(GOAL OF THE EXERCISE): Working from the records below, repeat exactly the lines starting at the line that contains "毎月お客様を訪問し、監査を行" and ending at the line that contains "Gravity Flow Rack", inclusive.

[Opening SOURCE MATERIAL section]

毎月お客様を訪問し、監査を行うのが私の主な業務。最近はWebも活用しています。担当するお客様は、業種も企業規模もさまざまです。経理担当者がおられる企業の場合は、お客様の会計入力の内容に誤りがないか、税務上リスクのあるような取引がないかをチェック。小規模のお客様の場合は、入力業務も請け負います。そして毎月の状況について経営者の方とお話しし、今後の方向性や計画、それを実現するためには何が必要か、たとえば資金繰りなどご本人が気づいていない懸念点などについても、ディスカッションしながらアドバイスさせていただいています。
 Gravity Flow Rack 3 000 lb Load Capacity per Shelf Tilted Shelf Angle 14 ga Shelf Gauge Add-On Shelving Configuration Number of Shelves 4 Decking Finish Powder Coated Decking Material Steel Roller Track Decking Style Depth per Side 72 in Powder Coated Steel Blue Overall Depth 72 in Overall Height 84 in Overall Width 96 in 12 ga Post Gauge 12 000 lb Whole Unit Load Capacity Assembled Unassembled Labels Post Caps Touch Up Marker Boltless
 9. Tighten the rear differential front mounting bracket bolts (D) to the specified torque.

[Closing SOURCE MATERIAL section]
[Opening SOURCE MATERIAL section]

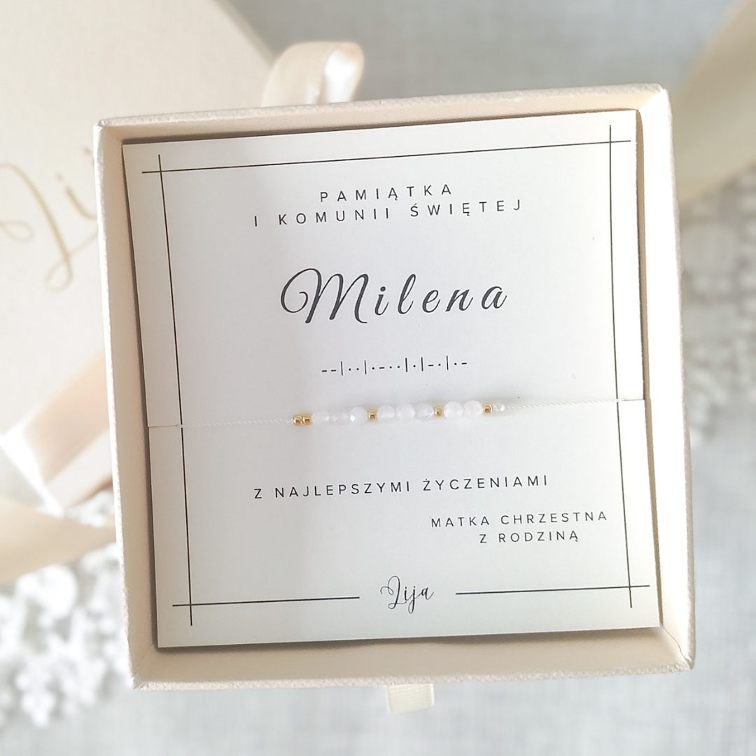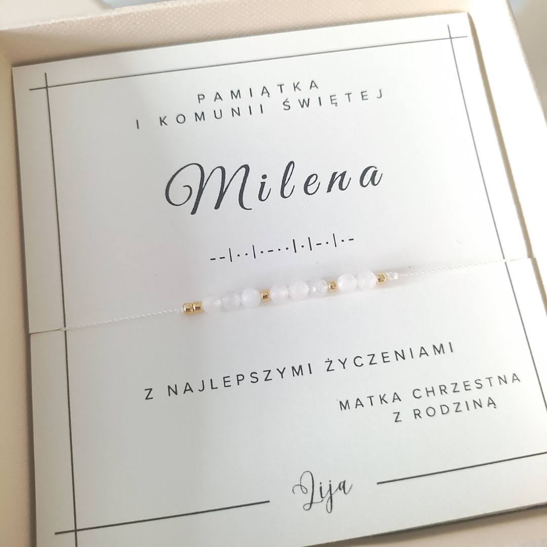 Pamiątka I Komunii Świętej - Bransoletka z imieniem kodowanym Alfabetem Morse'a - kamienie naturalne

[Closing SOURCE MATERIAL section]

(OUTPUT FOR THIS TASK):
毎月お客様を訪問し、監査を行うのが私の主な業務。最近はWebも活用しています。担当するお客様は、業種も企業規模もさまざまです。経理担当者がおられる企業の場合は、お客様の会計入力の内容に誤りがないか、税務上リスクのあるような取引がないかをチェック。小規模のお客様の場合は、入力業務も請け負います。そして毎月の状況について経営者の方とお話しし、今後の方向性や計画、それを実現するためには何が必要か、たとえば資金繰りなどご本人が気づいていない懸念点などについても、ディスカッションしながらアドバイスさせていただいています。
 Gravity Flow Rack 3 000 lb Load Capacity per Shelf Tilted Shelf Angle 14 ga Shelf Gauge Add-On Shelving Configuration Number of Shelves 4 Decking Finish Powder Coated Decking Material Steel Roller Track Decking Style Depth per Side 72 in Powder Coated Steel Blue Overall Depth 72 in Overall Height 84 in Overall Width 96 in 12 ga Post Gauge 12 000 lb Whole Unit Load Capacity Assembled Unassembled Labels Post Caps Touch Up Marker Boltless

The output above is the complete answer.